§ **Directions for this task**: From the line that contains "Kapwing is an" down to the final line below, please repeat each line exactly and nothing more, with no pictures.

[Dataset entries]

■ ■ ■ ■

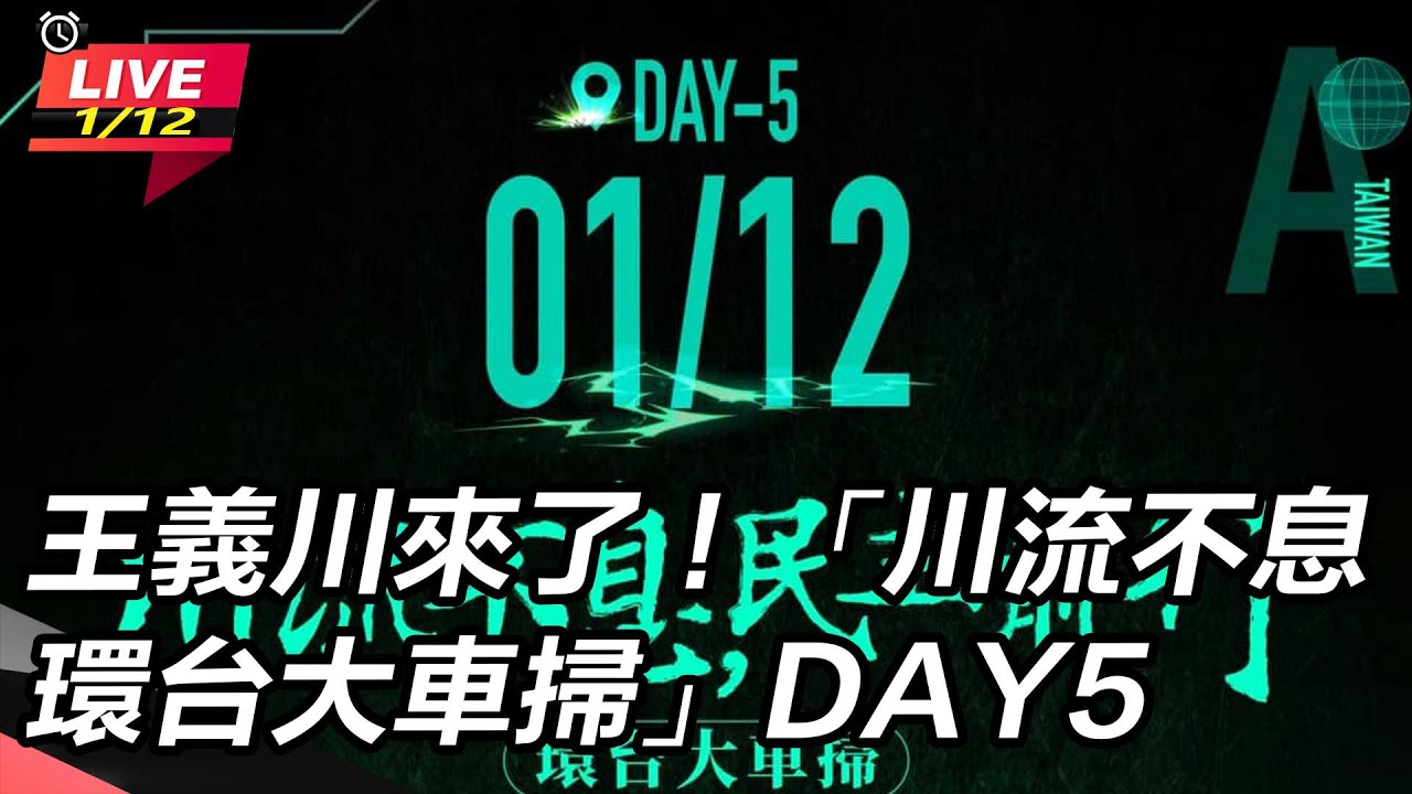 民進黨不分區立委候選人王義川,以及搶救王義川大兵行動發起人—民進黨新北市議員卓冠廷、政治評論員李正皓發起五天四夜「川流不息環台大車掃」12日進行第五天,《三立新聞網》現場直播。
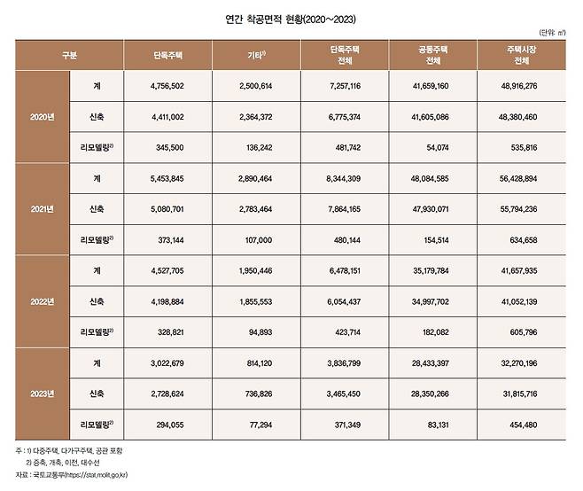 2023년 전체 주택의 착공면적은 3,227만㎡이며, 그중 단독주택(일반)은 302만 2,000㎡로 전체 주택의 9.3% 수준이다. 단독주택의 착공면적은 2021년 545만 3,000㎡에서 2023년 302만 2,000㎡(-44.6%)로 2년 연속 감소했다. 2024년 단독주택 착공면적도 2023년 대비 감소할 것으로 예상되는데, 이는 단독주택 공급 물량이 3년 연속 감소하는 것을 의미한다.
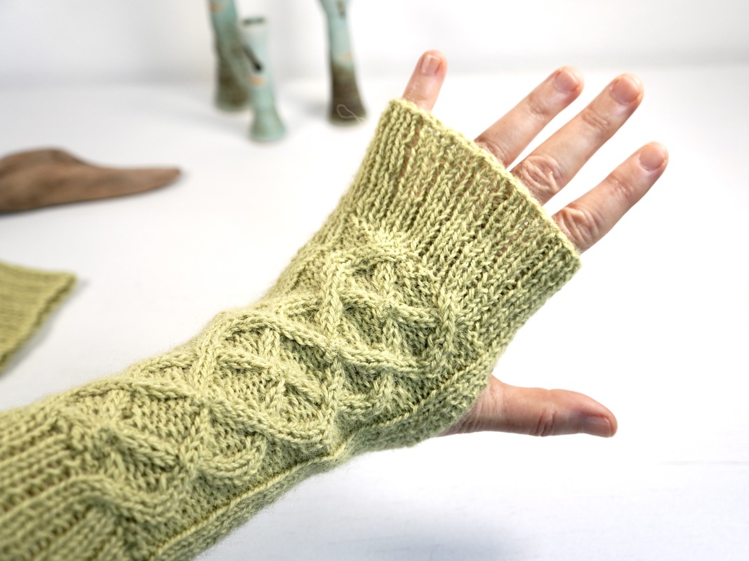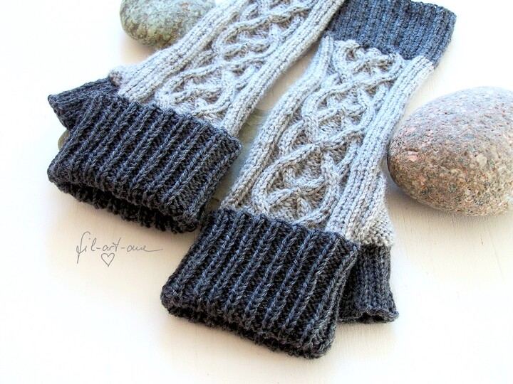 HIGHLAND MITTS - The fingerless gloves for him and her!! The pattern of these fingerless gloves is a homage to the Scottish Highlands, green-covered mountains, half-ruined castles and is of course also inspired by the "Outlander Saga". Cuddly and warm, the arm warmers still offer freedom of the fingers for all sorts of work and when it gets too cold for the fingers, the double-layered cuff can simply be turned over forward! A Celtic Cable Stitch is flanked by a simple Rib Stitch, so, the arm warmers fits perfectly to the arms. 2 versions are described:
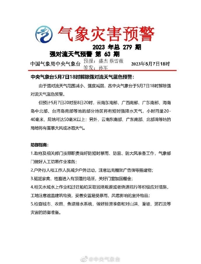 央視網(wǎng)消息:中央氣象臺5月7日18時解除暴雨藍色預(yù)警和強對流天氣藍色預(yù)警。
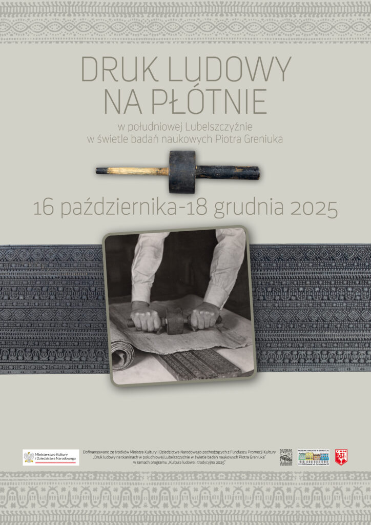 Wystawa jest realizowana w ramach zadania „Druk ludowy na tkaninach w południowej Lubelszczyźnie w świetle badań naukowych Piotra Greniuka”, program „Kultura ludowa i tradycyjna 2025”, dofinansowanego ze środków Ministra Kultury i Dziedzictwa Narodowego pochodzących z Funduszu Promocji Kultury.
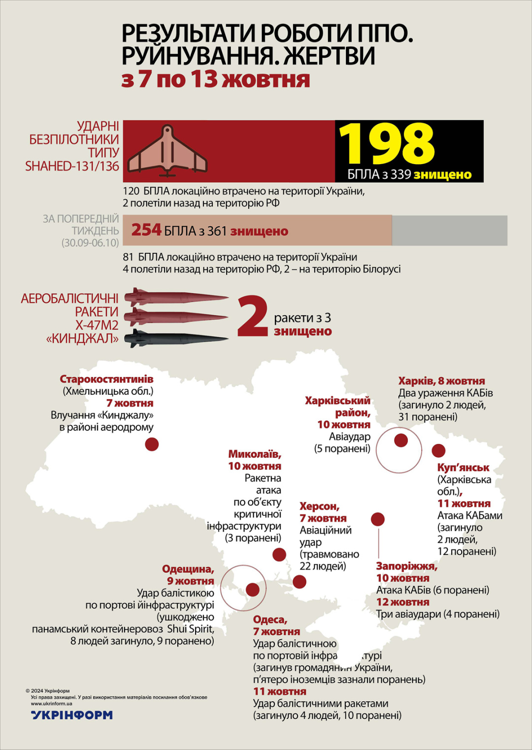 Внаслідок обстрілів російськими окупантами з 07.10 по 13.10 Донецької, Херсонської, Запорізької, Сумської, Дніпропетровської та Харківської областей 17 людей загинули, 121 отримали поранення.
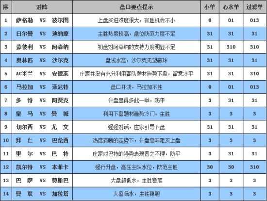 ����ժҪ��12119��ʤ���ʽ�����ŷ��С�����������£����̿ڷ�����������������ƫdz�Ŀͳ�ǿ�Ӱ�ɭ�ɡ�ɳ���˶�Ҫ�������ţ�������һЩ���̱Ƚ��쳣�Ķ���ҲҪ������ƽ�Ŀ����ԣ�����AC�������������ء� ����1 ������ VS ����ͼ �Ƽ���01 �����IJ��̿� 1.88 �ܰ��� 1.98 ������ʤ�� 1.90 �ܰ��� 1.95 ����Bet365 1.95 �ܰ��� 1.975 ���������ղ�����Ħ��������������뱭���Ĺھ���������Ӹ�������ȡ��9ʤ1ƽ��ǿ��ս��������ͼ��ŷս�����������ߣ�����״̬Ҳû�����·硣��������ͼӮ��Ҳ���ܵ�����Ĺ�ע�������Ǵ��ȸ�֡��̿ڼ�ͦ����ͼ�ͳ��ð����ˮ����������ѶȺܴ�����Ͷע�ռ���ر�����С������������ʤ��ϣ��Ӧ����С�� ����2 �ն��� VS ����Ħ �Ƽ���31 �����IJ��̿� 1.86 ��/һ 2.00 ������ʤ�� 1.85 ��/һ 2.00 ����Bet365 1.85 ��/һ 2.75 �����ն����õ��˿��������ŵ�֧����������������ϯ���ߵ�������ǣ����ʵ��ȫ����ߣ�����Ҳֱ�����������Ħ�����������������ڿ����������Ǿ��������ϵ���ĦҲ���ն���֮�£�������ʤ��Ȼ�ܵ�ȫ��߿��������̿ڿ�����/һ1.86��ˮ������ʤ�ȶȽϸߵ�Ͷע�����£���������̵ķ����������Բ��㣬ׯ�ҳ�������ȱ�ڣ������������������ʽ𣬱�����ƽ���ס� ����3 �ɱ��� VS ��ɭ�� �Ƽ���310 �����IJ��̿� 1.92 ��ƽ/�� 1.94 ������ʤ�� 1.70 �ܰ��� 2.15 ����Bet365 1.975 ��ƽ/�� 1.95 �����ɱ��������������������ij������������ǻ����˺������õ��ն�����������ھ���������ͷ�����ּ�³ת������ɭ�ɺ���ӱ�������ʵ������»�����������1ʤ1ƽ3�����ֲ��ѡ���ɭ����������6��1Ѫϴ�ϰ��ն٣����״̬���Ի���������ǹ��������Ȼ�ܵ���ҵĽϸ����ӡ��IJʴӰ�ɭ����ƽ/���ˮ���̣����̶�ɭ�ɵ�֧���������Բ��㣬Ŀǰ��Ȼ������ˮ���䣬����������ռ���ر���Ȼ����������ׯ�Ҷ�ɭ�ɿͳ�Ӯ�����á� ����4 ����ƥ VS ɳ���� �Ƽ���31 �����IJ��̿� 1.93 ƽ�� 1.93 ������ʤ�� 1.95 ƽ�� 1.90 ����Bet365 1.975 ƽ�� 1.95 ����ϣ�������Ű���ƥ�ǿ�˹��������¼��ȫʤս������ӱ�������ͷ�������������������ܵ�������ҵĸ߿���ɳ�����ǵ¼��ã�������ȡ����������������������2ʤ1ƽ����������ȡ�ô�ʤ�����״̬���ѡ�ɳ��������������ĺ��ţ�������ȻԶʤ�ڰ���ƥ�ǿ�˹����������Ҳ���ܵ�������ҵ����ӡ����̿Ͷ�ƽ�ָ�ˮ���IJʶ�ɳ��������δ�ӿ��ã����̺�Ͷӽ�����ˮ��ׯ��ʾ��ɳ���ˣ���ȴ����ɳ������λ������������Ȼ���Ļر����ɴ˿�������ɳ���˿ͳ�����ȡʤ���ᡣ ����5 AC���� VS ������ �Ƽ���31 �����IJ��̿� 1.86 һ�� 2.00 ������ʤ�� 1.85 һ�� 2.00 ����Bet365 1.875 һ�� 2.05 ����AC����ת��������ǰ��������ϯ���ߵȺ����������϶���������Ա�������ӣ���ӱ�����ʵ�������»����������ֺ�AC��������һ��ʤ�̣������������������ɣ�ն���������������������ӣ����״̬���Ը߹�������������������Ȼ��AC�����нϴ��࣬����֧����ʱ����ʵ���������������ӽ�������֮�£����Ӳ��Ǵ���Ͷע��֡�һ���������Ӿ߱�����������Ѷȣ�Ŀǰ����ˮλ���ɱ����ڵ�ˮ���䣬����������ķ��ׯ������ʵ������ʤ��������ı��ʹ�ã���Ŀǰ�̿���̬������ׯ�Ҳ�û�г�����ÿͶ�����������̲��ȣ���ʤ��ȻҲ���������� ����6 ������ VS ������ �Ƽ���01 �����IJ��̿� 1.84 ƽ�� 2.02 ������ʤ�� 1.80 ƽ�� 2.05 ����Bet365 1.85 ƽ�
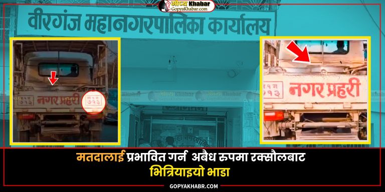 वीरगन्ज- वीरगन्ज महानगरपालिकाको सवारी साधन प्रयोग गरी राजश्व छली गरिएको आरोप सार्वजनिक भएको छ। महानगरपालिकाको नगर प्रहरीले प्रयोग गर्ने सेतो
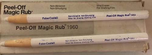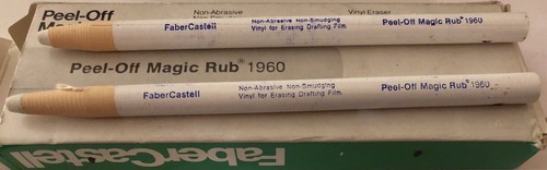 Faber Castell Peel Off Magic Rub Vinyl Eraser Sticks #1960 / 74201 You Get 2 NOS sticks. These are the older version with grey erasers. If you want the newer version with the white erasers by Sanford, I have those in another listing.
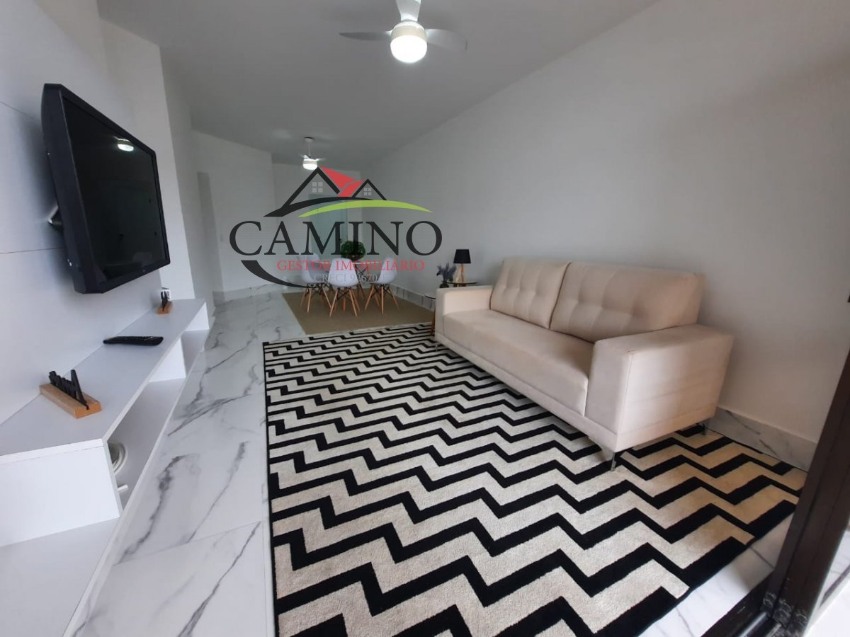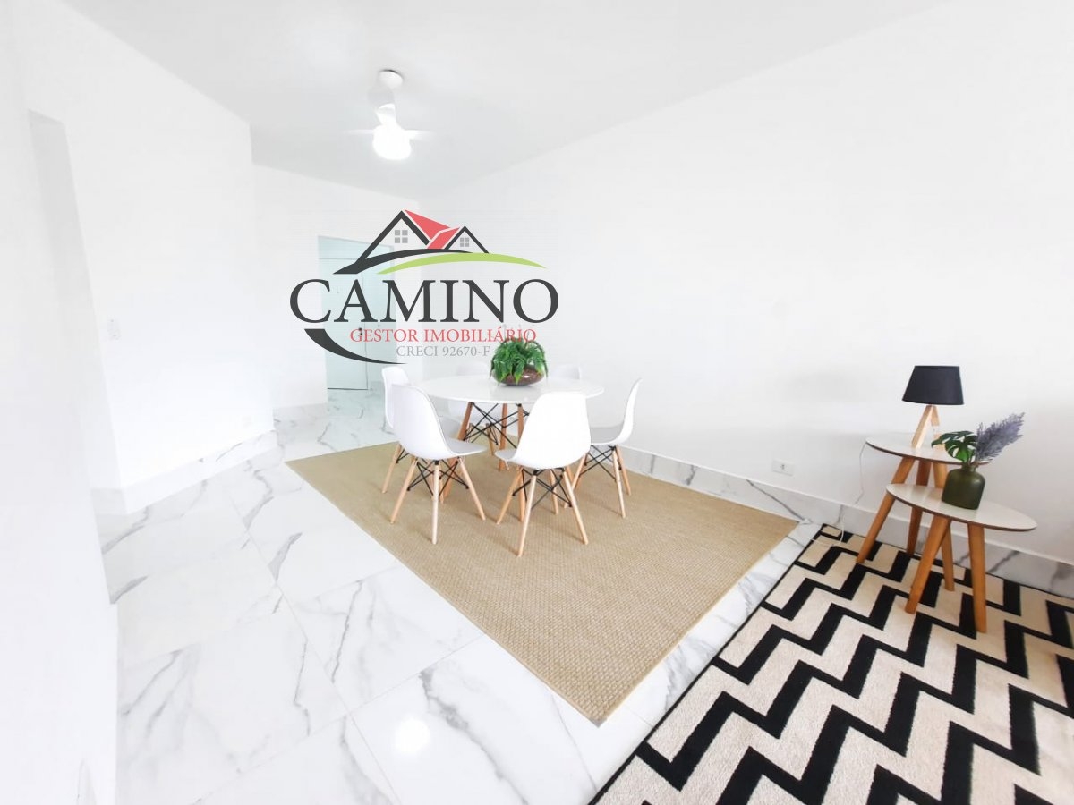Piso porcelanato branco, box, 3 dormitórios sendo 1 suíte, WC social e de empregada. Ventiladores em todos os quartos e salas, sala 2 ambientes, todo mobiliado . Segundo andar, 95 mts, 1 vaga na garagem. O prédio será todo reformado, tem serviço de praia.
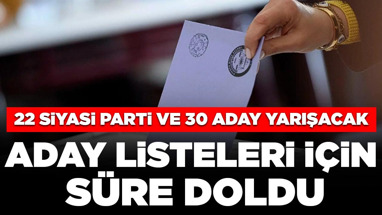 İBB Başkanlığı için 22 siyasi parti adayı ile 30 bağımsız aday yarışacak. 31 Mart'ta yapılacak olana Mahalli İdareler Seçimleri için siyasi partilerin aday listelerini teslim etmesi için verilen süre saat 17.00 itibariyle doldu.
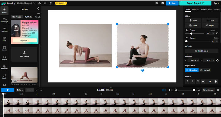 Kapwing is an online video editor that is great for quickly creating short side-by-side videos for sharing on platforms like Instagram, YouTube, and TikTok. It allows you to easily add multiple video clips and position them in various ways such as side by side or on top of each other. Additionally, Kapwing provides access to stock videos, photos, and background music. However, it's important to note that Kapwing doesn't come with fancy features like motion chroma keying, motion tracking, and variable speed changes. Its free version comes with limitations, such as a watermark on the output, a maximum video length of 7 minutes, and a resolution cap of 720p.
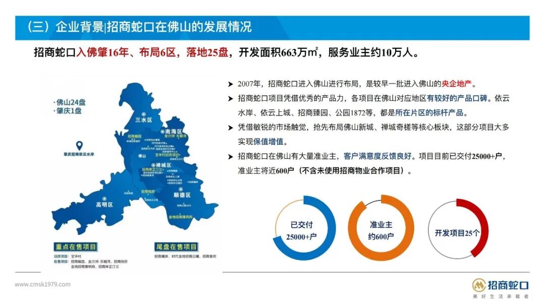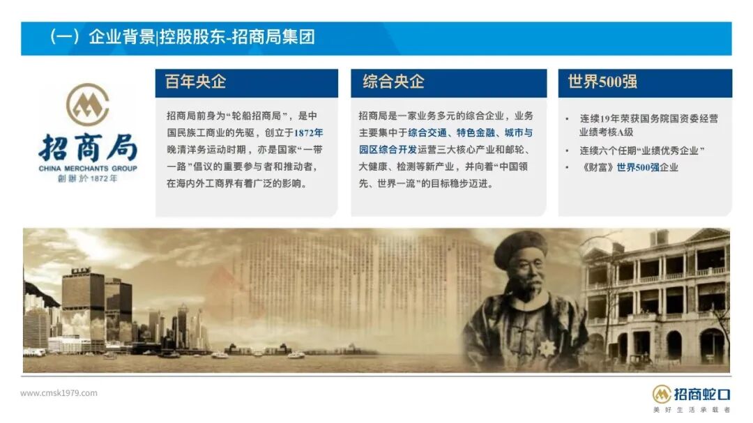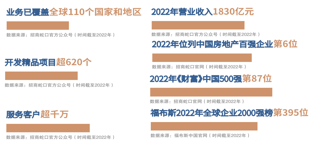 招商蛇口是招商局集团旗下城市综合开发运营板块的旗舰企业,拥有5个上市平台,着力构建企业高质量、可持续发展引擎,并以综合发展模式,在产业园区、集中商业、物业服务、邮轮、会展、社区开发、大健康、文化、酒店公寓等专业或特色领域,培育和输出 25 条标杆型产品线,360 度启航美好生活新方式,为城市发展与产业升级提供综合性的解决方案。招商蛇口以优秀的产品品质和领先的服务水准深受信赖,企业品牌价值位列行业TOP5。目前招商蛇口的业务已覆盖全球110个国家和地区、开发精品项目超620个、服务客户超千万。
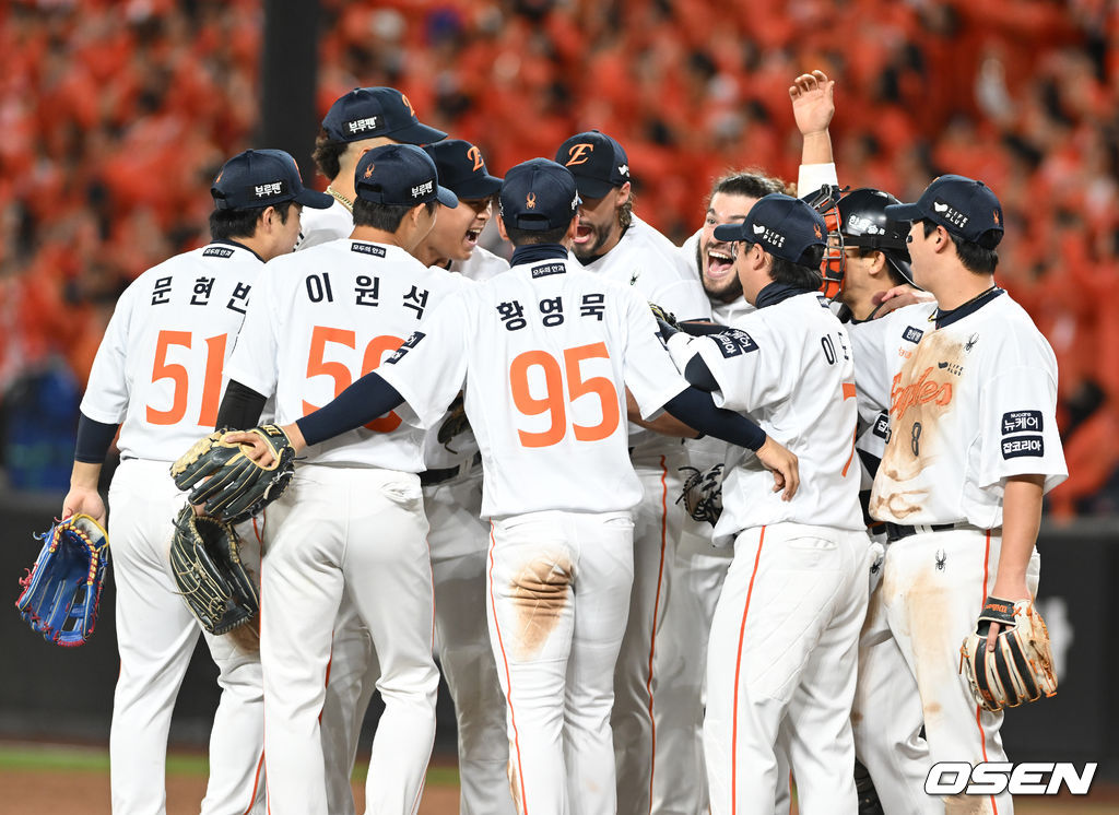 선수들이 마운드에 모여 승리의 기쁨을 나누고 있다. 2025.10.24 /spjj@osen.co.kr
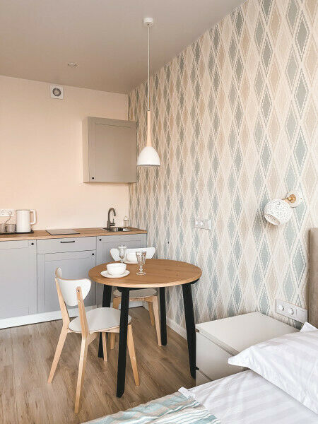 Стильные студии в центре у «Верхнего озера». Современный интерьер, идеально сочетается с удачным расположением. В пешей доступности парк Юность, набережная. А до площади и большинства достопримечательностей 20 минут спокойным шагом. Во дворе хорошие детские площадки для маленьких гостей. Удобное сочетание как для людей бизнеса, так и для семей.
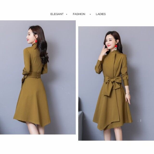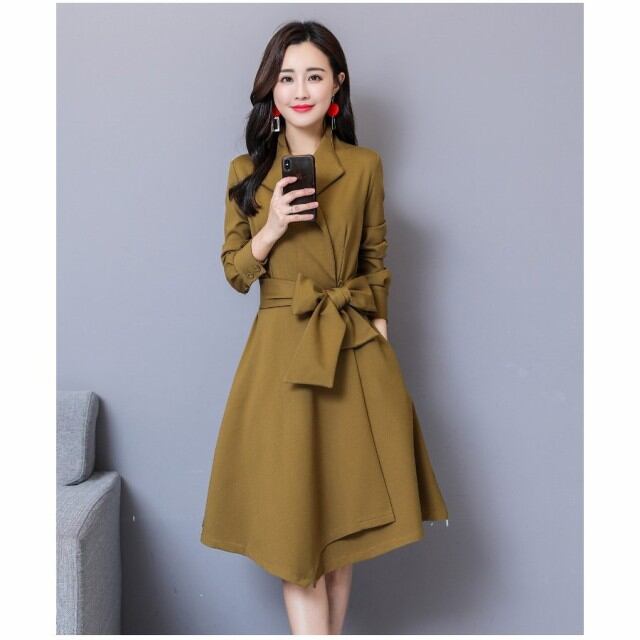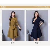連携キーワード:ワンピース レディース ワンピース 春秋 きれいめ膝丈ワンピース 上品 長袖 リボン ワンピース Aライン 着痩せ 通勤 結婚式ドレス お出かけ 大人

■ ■ ■ ■

§ **Answer section**:
 Kapwing is an online video editor that is great for quickly creating short side-by-side videos for sharing on platforms like Instagram, YouTube, and TikTok. It allows you to easily add multiple video clips and position them in various ways such as side by side or on top of each other. Additionally, Kapwing provides access to stock videos, photos, and background music. However, it's important to note that Kapwing doesn't come with fancy features like motion chroma keying, motion tracking, and variable speed changes. Its free version comes with limitations, such as a watermark on the output, a maximum video length of 7 minutes, and a resolution cap of 720p.
 招商蛇口是招商局集团旗下城市综合开发运营板块的旗舰企业,拥有5个上市平台,着力构建企业高质量、可持续发展引擎,并以综合发展模式,在产业园区、集中商业、物业服务、邮轮、会展、社区开发、大健康、文化、酒店公寓等专业或特色领域,培育和输出 25 条标杆型产品线,360 度启航美好生活新方式,为城市发展与产业升级提供综合性的解决方案。招商蛇口以优秀的产品品质和领先的服务水准深受信赖,企业品牌价值位列行业TOP5。目前招商蛇口的业务已覆盖全球110个国家和地区、开发精品项目超620个、服务客户超千万。
 선수들이 마운드에 모여 승리의 기쁨을 나누고 있다. 2025.10.24 /spjj@osen.co.kr
 Стильные студии в центре у «Верхнего озера». Современный интерьер, идеально сочетается с удачным расположением. В пешей доступности парк Юность, набережная. А до площади и большинства достопримечательностей 20 минут спокойным шагом. Во дворе хорошие детские площадки для маленьких гостей. Удобное сочетание как для людей бизнеса, так и для семей.
連携キーワード:ワンピース レディース ワンピース 春秋 きれいめ膝丈ワンピース 上品 長袖 リボン ワンピース Aライン 着痩せ 通勤 結婚式ドレス お出かけ 大人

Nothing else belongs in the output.